#### Extracted records:
---

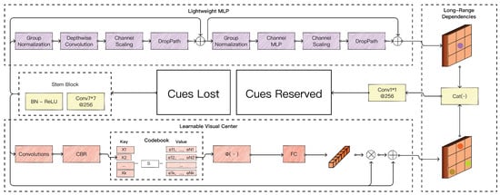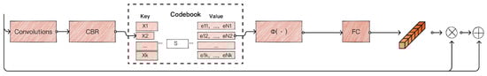 For the LVC module, its structural design includes a built-in codebook, structured as in Figure 6, which consists of a series of code words, each representing a feature prototype. In addition, the LVC module is equipped with a set of scaling factors, S, for adjusting the strength of the association between features and code words. The codebook in the LVC module consists of learnable feature prototypes, initialized randomly and optimized end-to-end during training. Each codeword is a trainable vector with the same dimension as the encoded features, evolving through backpropagation to represent distinct semantic patterns in the feature space. The scaling factors are also learnable parameters initialized via Xavier initialization, which adaptively adjust the association strength between encoded features and codewords. The codebook and scaling factors are integrated into the end-to-end training framework, updated via gradient descent along with other network parameters. This design allows the model to dynamically discover and emphasize critical local regions (e.g., corners or edges) without relying on pre-defined priors. For features originating from the stem module, they are first processed through a series of convolutional layers, a batch normalization layer, and a ReLU activation module for feature encoding. Subsequently, these encoded features are mapped into the inbuilt codebook. This process involves comparing and correlating the encoded features with each code word in the codebook, aiming to identify the code words in the codebook to which each local feature is most similar. In order to achieve an adjustment in the degree of association between the feature and the codebook code words, appropriate scaling factors are applied. These factors enhance or diminish the intensity of the features corresponding to a particular code word, thus allowing the model to focus more on key local areas in the image. Depending on the degree of match with the codebook and the adjustment of the scaling factors, the features are reintegrated and output. Ultimately, these features are combined with the lightweight MLP through the concat operation and channel adjustments to obtain the final output.
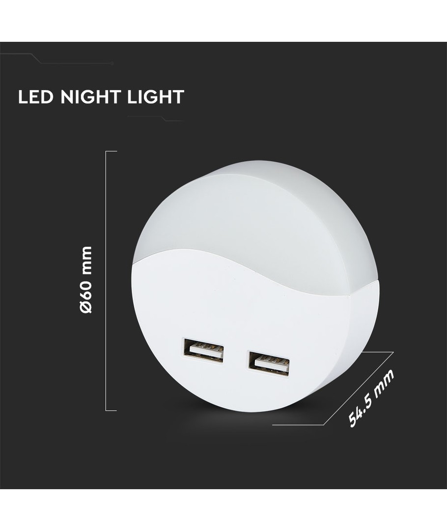 V-Tac Natlampe med USB er designet til at give blødt lys og effektiv opladning, perfekt til natbelysning.
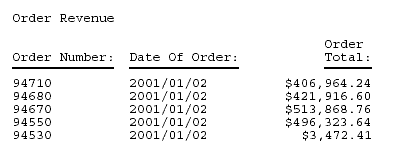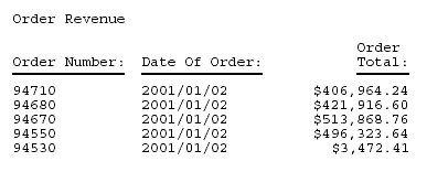 TABLE FILE CENTORD SUM ORDER_DATE LINEPRICE AS 'Order,Total:' BY HIGHEST 5 ORDER_NUM ON TABLE PAGE-BREAK AND SUBHEAD "CONFIDENTIAL COMPANY INFORMATION" "March 2003" HEADING "Order Revenue" " " ON TABLE SET PAGE-NUM OFF ON TABLE SET ONLINE-FMT PDF END
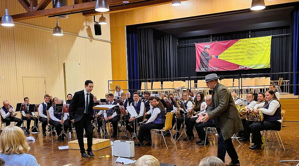Was passiert, wenn Musiknoten fehlen, zeigte die Feldmusik Gersau unter der Leitung von Florian Stadler gleich zu Beginn – ein kakophonischer Marsch erklang. So konnte es nicht weitergehen – Hilfe war gefragt! Detektiv Allegro, fantastisch dargestellt von Andri Mischol, machte sich daher gemeinsam mit den Kindern auf die Suche nach Hinweisen, um das Rätsel um die verschwundenen Noten zu lösen.
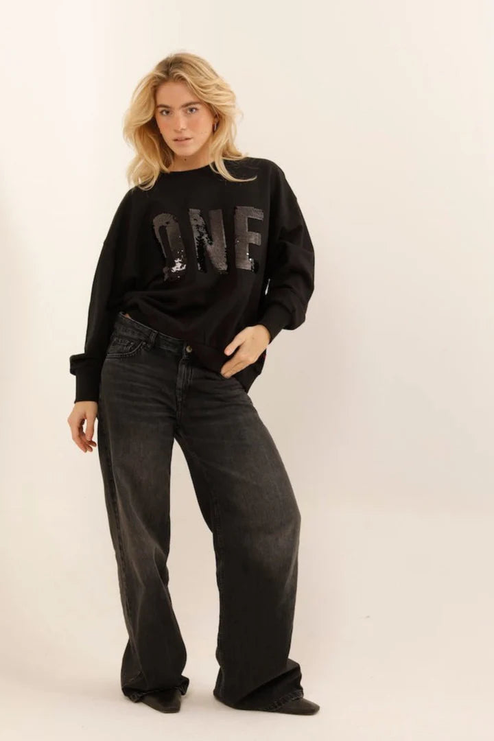 Avec sa coupe ample et son mot « ONE » brodé en sequins, il mixe confort et féminité.
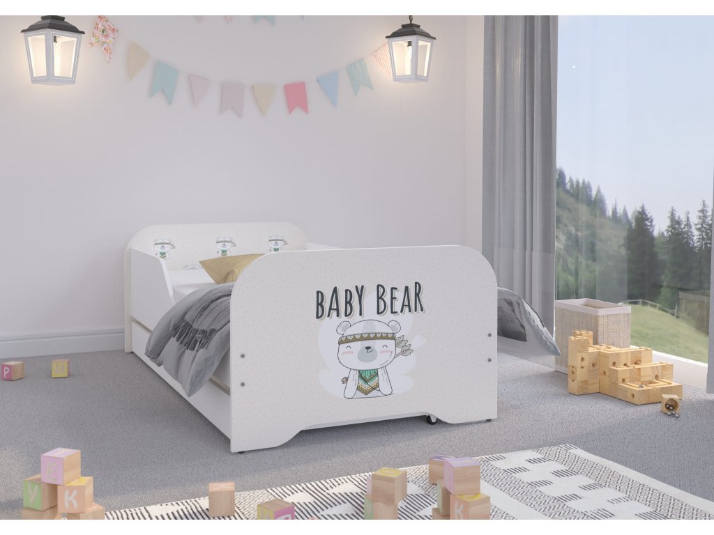 Detská posteľ MIKI 140x70 BABY BEAR Súprava obsahuje:- Posteľ s profilovaným bočným lemom, ktorý zaručuje bezpečnosť pri používaní.
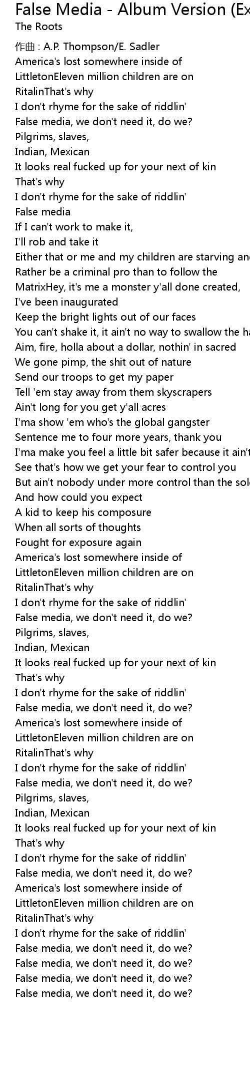 | 歌曲 | False Media - Album Version (Explicit) |
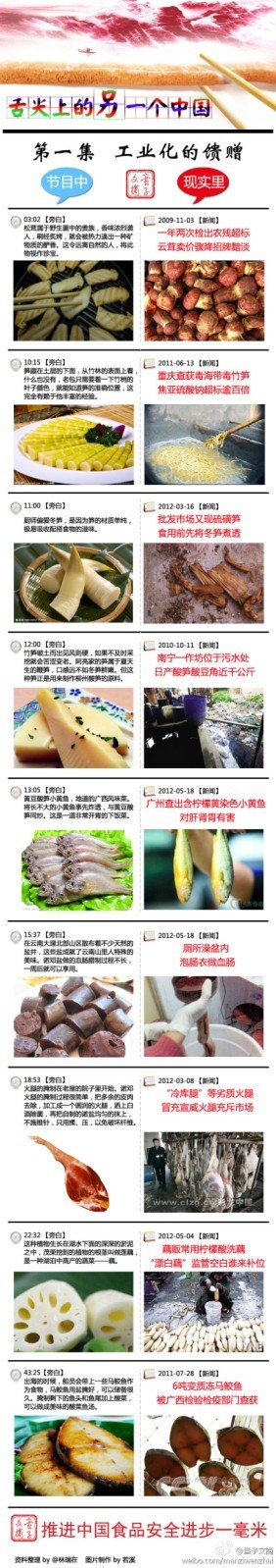 舌尖上的另一个中国--所有提到的食物无一幸免 推动中国食品安全再进一毫米。
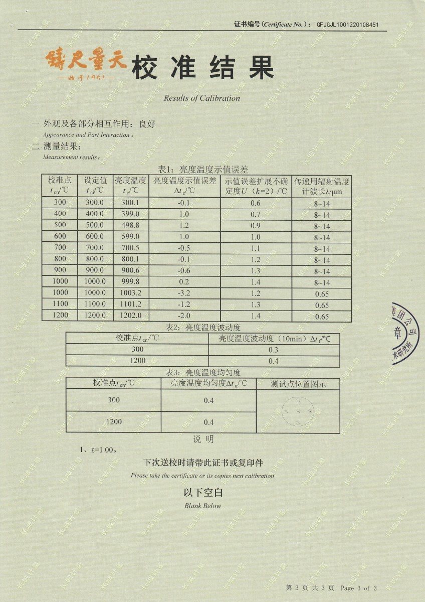 | 上一條:青島加侖檢測(cè)技術(shù)服務(wù)有限公司-黑體輻射源 | 下一條:高精度制冷恒溫槽(-80~100℃)校準(zhǔn)證書(shū) |

---

Verbatim output of the entries is required, with each image left out.

 For the LVC module, its structural design includes a built-in codebook, structured as in Figure 6, which consists of a series of code words, each representing a feature prototype. In addition, the LVC module is equipped with a set of scaling factors, S, for adjusting the strength of the association between features and code words. The codebook in the LVC module consists of learnable feature prototypes, initialized randomly and optimized end-to-end during training. Each codeword is a trainable vector with the same dimension as the encoded features, evolving through backpropagation to represent distinct semantic patterns in the feature space. The scaling factors are also learnable parameters initialized via Xavier initialization, which adaptively adjust the association strength between encoded features and codewords. The codebook and scaling factors are integrated into the end-to-end training framework, updated via gradient descent along with other network parameters. This design allows the model to dynamically discover and emphasize critical local regions (e.g., corners or edges) without relying on pre-defined priors. For features originating from the stem module, they are first processed through a series of convolutional layers, a batch normalization layer, and a ReLU activation module for feature encoding. Subsequently, these encoded features are mapped into the inbuilt codebook. This process involves comparing and correlating the encoded features with each code word in the codebook, aiming to identify the code words in the codebook to which each local feature is most similar. In order to achieve an adjustment in the degree of association between the feature and the codebook code words, appropriate scaling factors are applied. These factors enhance or diminish the intensity of the features corresponding to a particular code word, thus allowing the model to focus more on key local areas in the image. Depending on the degree of match with the codebook and the adjustment of the scaling factors, the features are reintegrated and output. Ultimately, these features are combined with the lightweight MLP through the concat operation and channel adjustments to obtain the final output.
 V-Tac Natlampe med USB er designet til at give blødt lys og effektiv opladning, perfekt til natbelysning.
 TABLE FILE CENTORD SUM ORDER_DATE LINEPRICE AS 'Order,Total:' BY HIGHEST 5 ORDER_NUM ON TABLE PAGE-BREAK AND SUBHEAD "CONFIDENTIAL COMPANY INFORMATION" "March 2003" HEADING "Order Revenue" " " ON TABLE SET PAGE-NUM OFF ON TABLE SET ONLINE-FMT PDF END
Was passiert, wenn Musiknoten fehlen, zeigte die Feldmusik Gersau unter der Leitung von Florian Stadler gleich zu Beginn – ein kakophonischer Marsch erklang. So konnte es nicht weitergehen – Hilfe war gefragt! Detektiv Allegro, fantastisch dargestellt von Andri Mischol, machte sich daher gemeinsam mit den Kindern auf die Suche nach Hinweisen, um das Rätsel um die verschwundenen Noten zu lösen.
 Avec sa coupe ample et son mot « ONE » brodé en sequins, il mixe confort et féminité.
 Detská posteľ MIKI 140x70 BABY BEAR Súprava obsahuje:- Posteľ s profilovaným bočným lemom, ktorý zaručuje bezpečnosť pri používaní.
 | 歌曲 | False Media - Album Version (Explicit) |
 舌尖上的另一个中国--所有提到的食物无一幸免 推动中国食品安全再进一毫米。
 | 上一條:青島加侖檢測(cè)技術(shù)服務(wù)有限公司-黑體輻射源 | 下一條:高精度制冷恒溫槽(-80~100℃)校準(zhǔn)證書(shū) |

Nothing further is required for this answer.